- WORK INSTRUCTION: Starting with the line that holds "It CC+ Renk", reproduce each line through the last one of the data, exactly as written. Pictures are not copied.

Records from a collection
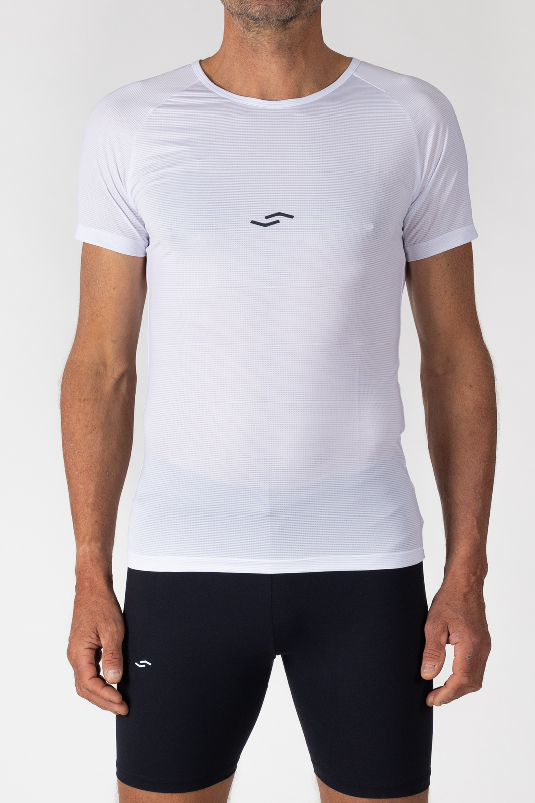 Der schnelltrocknende, leichte Mesh-Stoff garantiert maximale Belüftung und uneingeschränkte Beweglichkeit bei jedem Tempo. Das luftige Material sorgt für optimale Kühlung bei warmen Temperaturen und bleibt atmungsaktiv. Der Slim fit Schnitt liegt körpernah an und eignet sich perfekt als Unterzieher unter dem Einteiler oder als eigenständiges Trainingsoberteil für warme Tage.
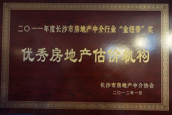 2011年度長(zhǎng)沙市房地產(chǎn)中介行業(yè)“金紐帶”獎(jiǎng)和“優(yōu)秀房地產(chǎn)估價(jià)機(jī)構(gòu)”
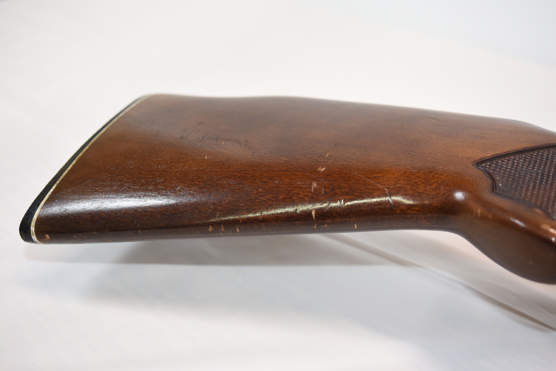 Wood stock shows finish wear scratches, scuffs, light dents; condition is good.
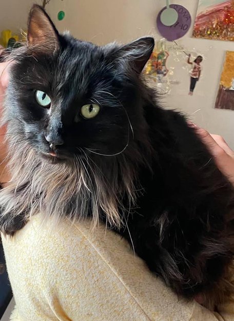 Svart, langhåret kastrert hannkatt. Noe brunt i det svarte, og gråbrun «løvemanke», med grå pels på magen. Stor buskete hale. Litt sky, men veldig kjærlig av seg.
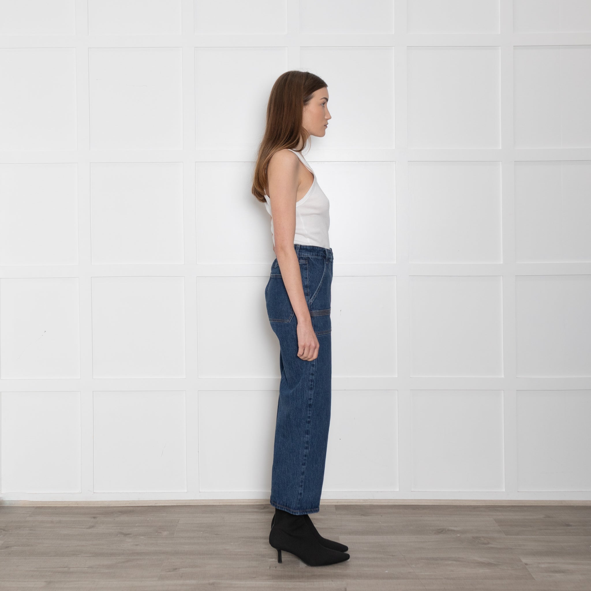 Seventy + Mochi dark blue carpenter-style jeans with a straight leg, symmetrical pockets, and front fly zip.
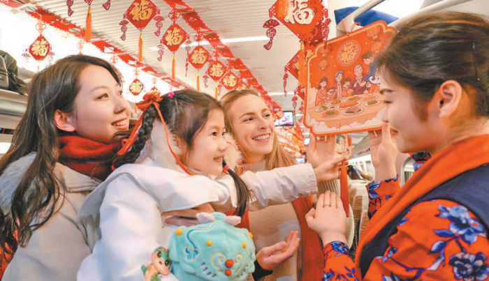 在北京西站開往鄭州東站的G97次列車上,中國鐵路鄭州局集團公司工作人員組織各式“迎新春”特色活動,讓乘客在旅途中感受春節的美好氛圍。
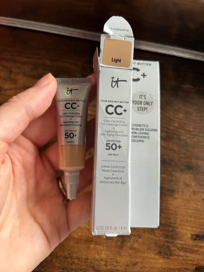 It CC+ Renk Düzeltici Krem Açık Bej, SPF 50+ koruma sağlar. Tam kapatıcılık, nemlendirme ve yaşlanma karşıtı etkiler sunar.
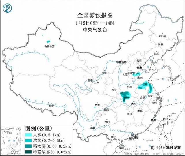 中央氣象臺1月5日06時繼續(xù)發(fā)布大霧黃色預警
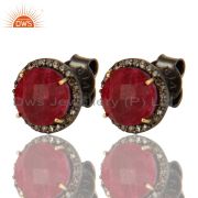 Red Corundum And Pave Diamond 14K Yellow Gold Stackable Open Bangle Bracelet
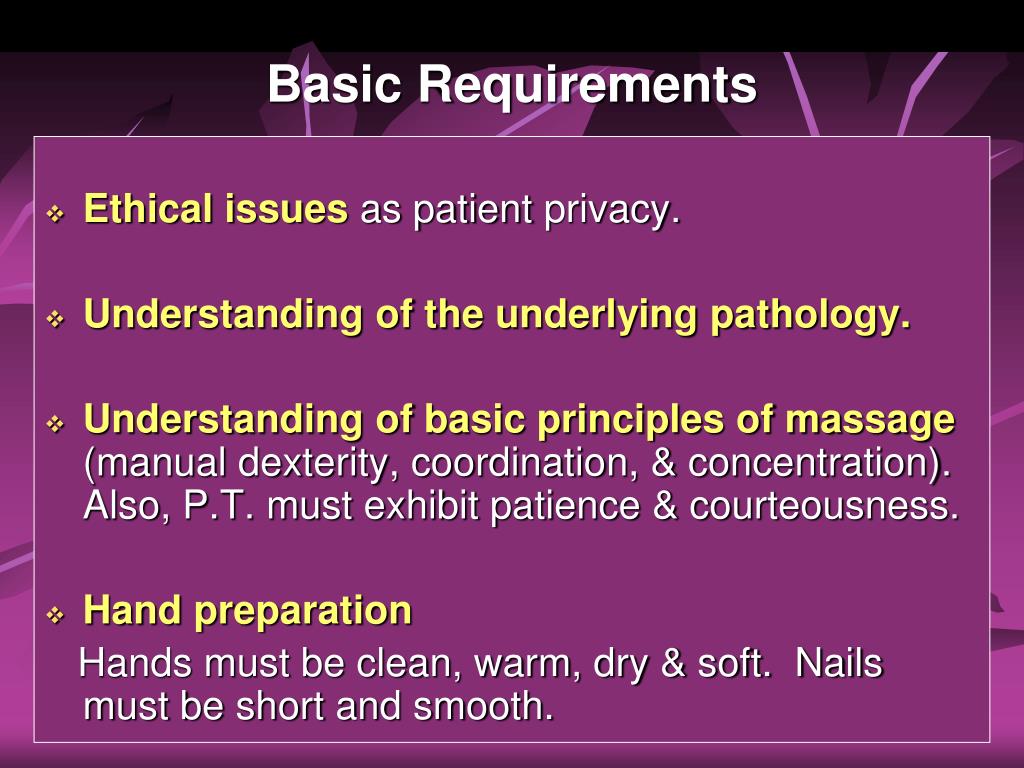 Basic Requirements • Ethical issues as patientprivacy. • Understanding of the underlying pathology. • Understanding ofbasic principles of massage (manual dexterity, coordination, & concentration). Also, P.T. must exhibit patience & courteousness. • Hand preparation Hands must be clean, warm, dry & soft. Nails must be short and smooth.
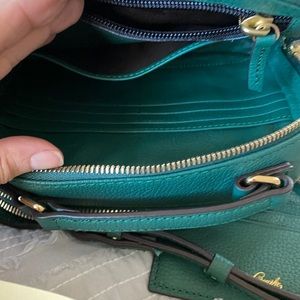 Beautiful pebble leather in Leaf green see photo for description and what fits in bag. Looks small but packs a punch. Retail $248.00
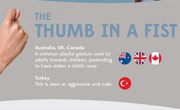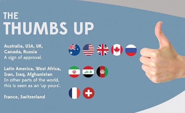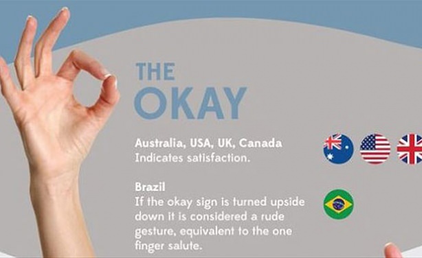 Okay (Tamam) işaretiAvustralya, ABD, Britanya ve Kanada'da tatmin olma anlamına geliyor. Brezilya'da aynı hareketi ters çevirip yaparsan hakaret olarak algılanıyor.
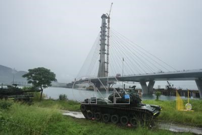 國軍「漢光41號」演習實兵演練11日進入第3天,陸軍弟兄將戰車開到淡江大橋新建工程旁,模擬防範共軍強行穿越淡水河口直攻政經中樞。
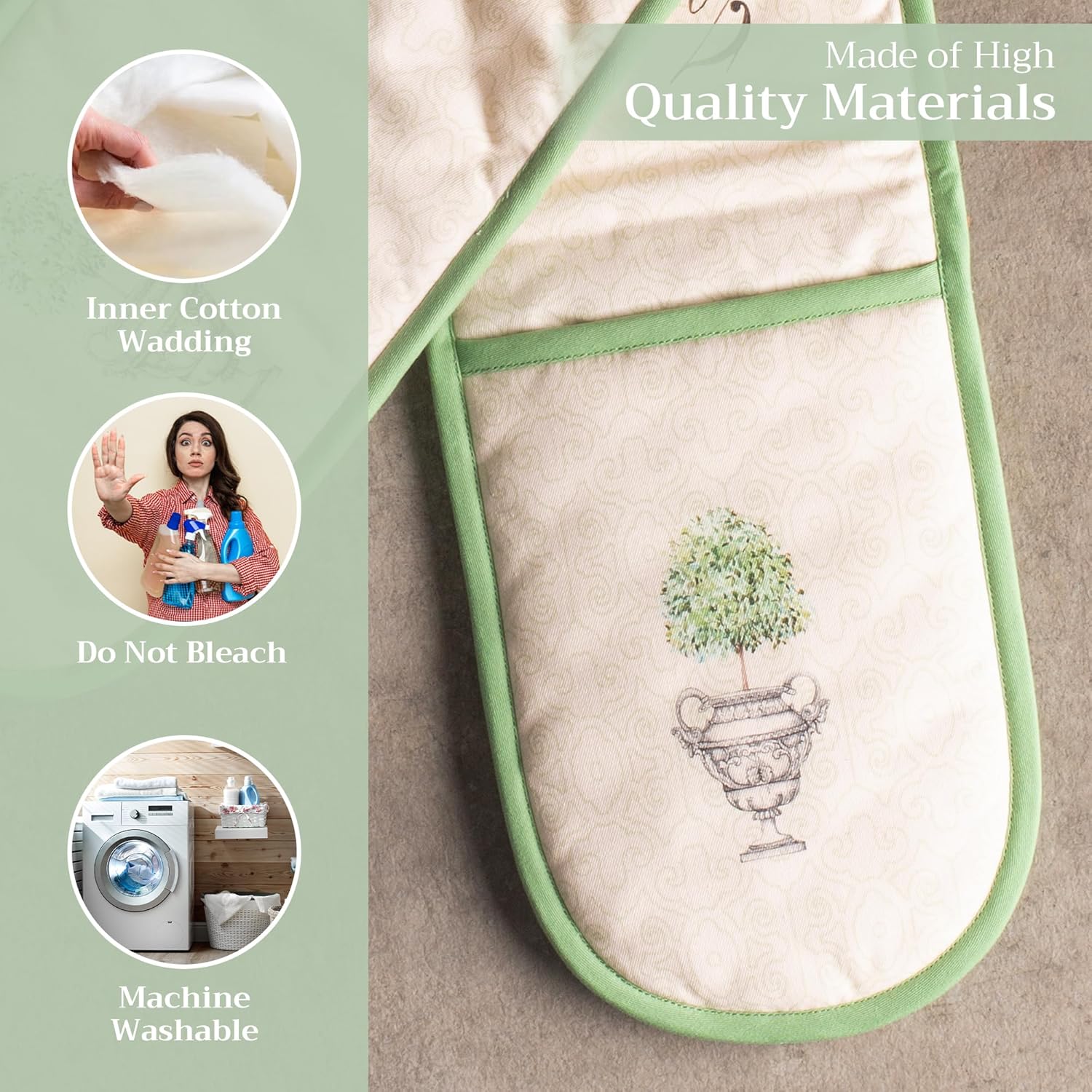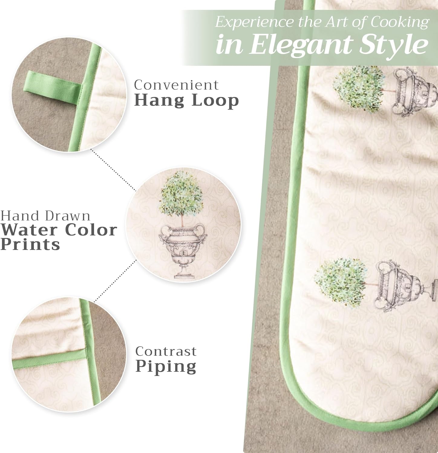 - Package includes: Includes 1 double oven mitt sized 7"x35". Perfect for handling hot cookware safely while adding a touch of European elegance to your kitchen. Designed in Europe and made in India with care
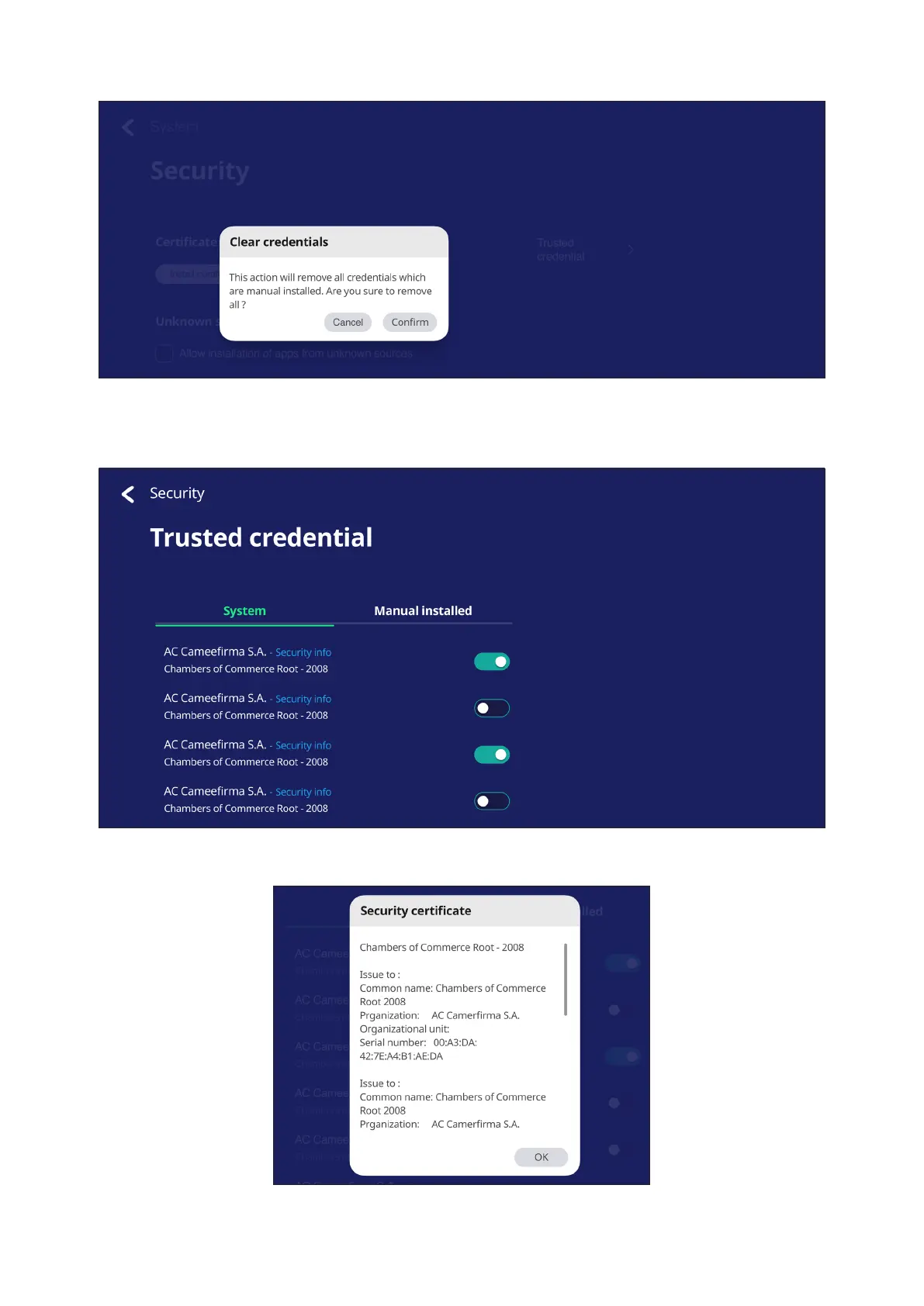 Selecng Clear Credenals will remove all manually installed credenals.

- REPLY TO THE TASK:
 It CC+ Renk Düzeltici Krem Açık Bej, SPF 50+ koruma sağlar. Tam kapatıcılık, nemlendirme ve yaşlanma karşıtı etkiler sunar.
 中央氣象臺1月5日06時繼續(xù)發(fā)布大霧黃色預警
 Red Corundum And Pave Diamond 14K Yellow Gold Stackable Open Bangle Bracelet
 Basic Requirements • Ethical issues as patientprivacy. • Understanding of the underlying pathology. • Understanding ofbasic principles of massage (manual dexterity, coordination, & concentration). Also, P.T. must exhibit patience & courteousness. • Hand preparation Hands must be clean, warm, dry & soft. Nails must be short and smooth.
 Beautiful pebble leather in Leaf green see photo for description and what fits in bag. Looks small but packs a punch. Retail $248.00
 Okay (Tamam) işaretiAvustralya, ABD, Britanya ve Kanada'da tatmin olma anlamına geliyor. Brezilya'da aynı hareketi ters çevirip yaparsan hakaret olarak algılanıyor.
 國軍「漢光41號」演習實兵演練11日進入第3天,陸軍弟兄將戰車開到淡江大橋新建工程旁,模擬防範共軍強行穿越淡水河口直攻政經中樞。
 - Package includes: Includes 1 double oven mitt sized 7"x35". Perfect for handling hot cookware safely while adding a touch of European elegance to your kitchen. Designed in Europe and made in India with care
 Selecng Clear Credenals will remove all manually installed credenals.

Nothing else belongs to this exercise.